Information asymmetry runs through every aspect of performance-based regulation. A utility knows its own capabilities better than any regulator does. It can misrepresent its performance. It can claim that poor reliability was due to circumstances beyond its control when in fact it was due to inadequate maintenance. A regulator might wrongly penalize a utility for problems it did not cause, or wrongly allow a utility to recover costs it should have controlled. Either mistake undermines the public interest.

Then comes the question of whether the rewards and penalties are the right size. They need to be large enough to actually change a utility's behavior, but not so large that they threaten the utility's financial stability. Get this wrong and you either fail to create real incentives or you destabilize the company.

Perhaps most important is a question that regulators often fail to ask: Are customers actually better off? When a utility improves its performance and earns a reward, does the benefit to customers—lower bills, better service, more efficiency—exceed the extra revenue the utility receives? If not, the utility is getting a windfall at customer expense. Some performance-based regulation mechanisms have been so poorly designed that they have had to be scrapped or restructured because the answer to that question was no. A regulator implementing performance-based regulation must be willing to measure the actual benefits to customers and to pull the plug if those benefits do not justify the cost.

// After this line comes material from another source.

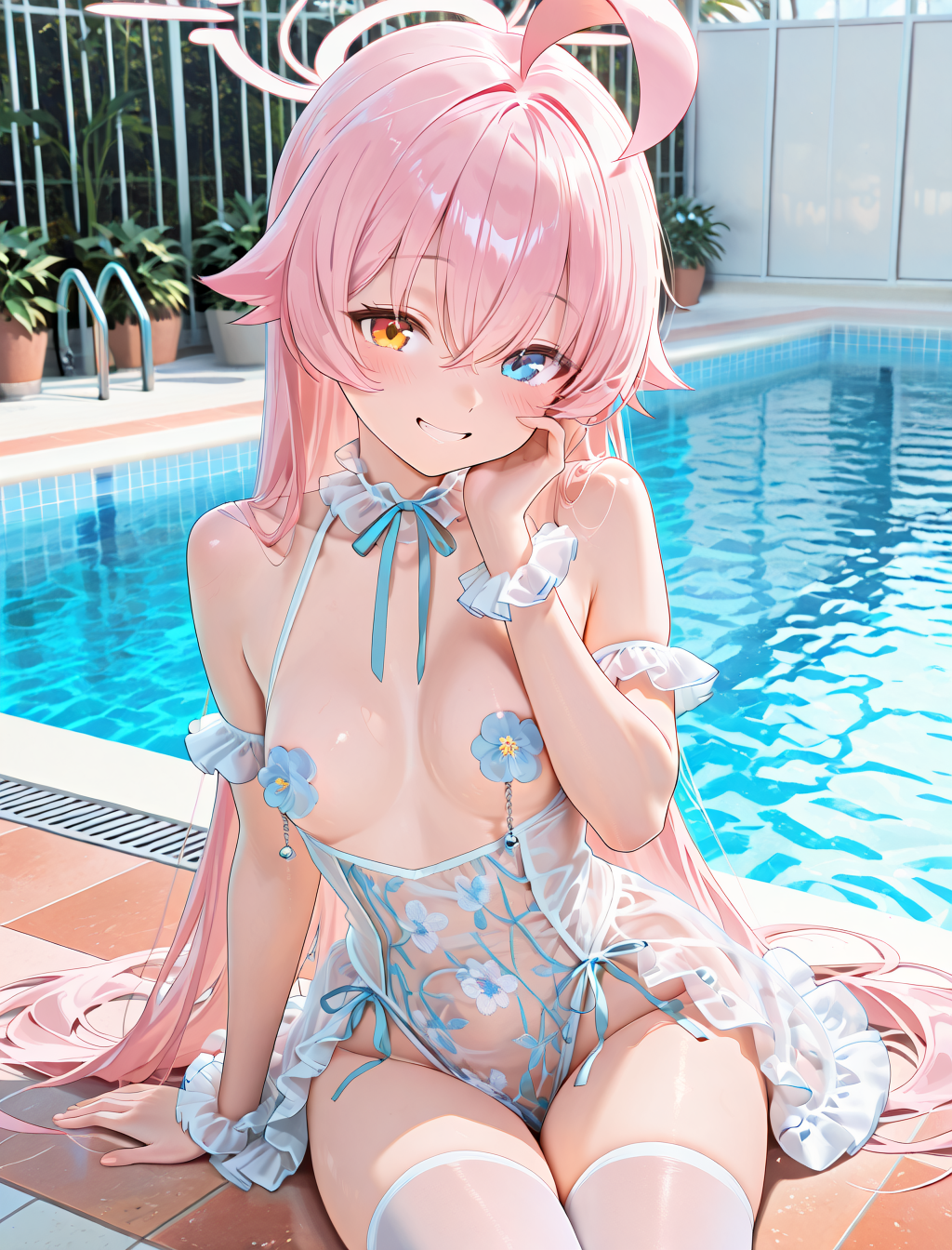 • Since the prompt includes "bell," there might be extra bells generated on the choker (only the pasties should have bells). If the bells on the choker affect the image, consider removing "bell" or adding "choker bell" to the negative prompt.

A poorly designed and executed performance-based regulation framework can harm utility customers and act antithetically to the public interest.
— regulatory analysis
When customer benefits fall short of additional revenues, the utility receives a windfall at the expense of customers.
— regulatory analysis
The Hearth Conversation Another angle on the story
Inventor

Why has performance-based regulation become so popular if it has all these problems?

Model

Because the old system—cost-of-service regulation—really does struggle with the modern grid. Utilities have weak incentives to innovate or cut costs when they know they'll recover whatever they spend. But popularity doesn't mean it works well. It just means regulators are looking for something better.

Inventor

So the core problem is that utilities have better information than regulators?

Model

That's one core problem. But it's not just about information. It's that utilities have every incentive to use that information advantage. They'll propose a high benchmark, claim they have constraints they don't have, misrepresent their performance. A regulator has to assume the utility will do exactly that.

Inventor

Can't regulators just set the benchmark based on what other utilities spend?

Model

They can try. But utilities are different—different geography, different customer base, different infrastructure age. And even if you use peer comparisons, a utility can still game the system by claiming its circumstances are unique. The benchmark problem doesn't have a clean solution.

Inventor

What about the conflicting objectives issue? That seems like a design problem, not an information problem.

Model

It is. You can't create a formula that perfectly balances safety, reliability, cost, and efficiency. When you weight one heavily, you inevitably create perverse incentives for the others. A utility will optimize for what you're measuring and let everything else slide.

Inventor

So how do you know if a performance-based regulation scheme is actually working?

Model

You have to measure whether customers are better off. Are their bills lower? Is service more reliable? Is the utility more efficient? And you have to compare that benefit to what the utility earned as a reward. If the utility made more money than customers saved, the scheme failed. Some regulators have discovered this the hard way, after years of a mechanism that was harming customers.

Inventor

Is there a way to design performance-based regulation that actually works?

Model

Maybe. But it requires regulators to be skeptical, to invest in understanding utility operations, to set benchmarks carefully, to monitor outcomes rigorously, and to be willing to change course if the data shows the scheme isn't serving the public interest. Most regulators don't have the resources or the will to do all that.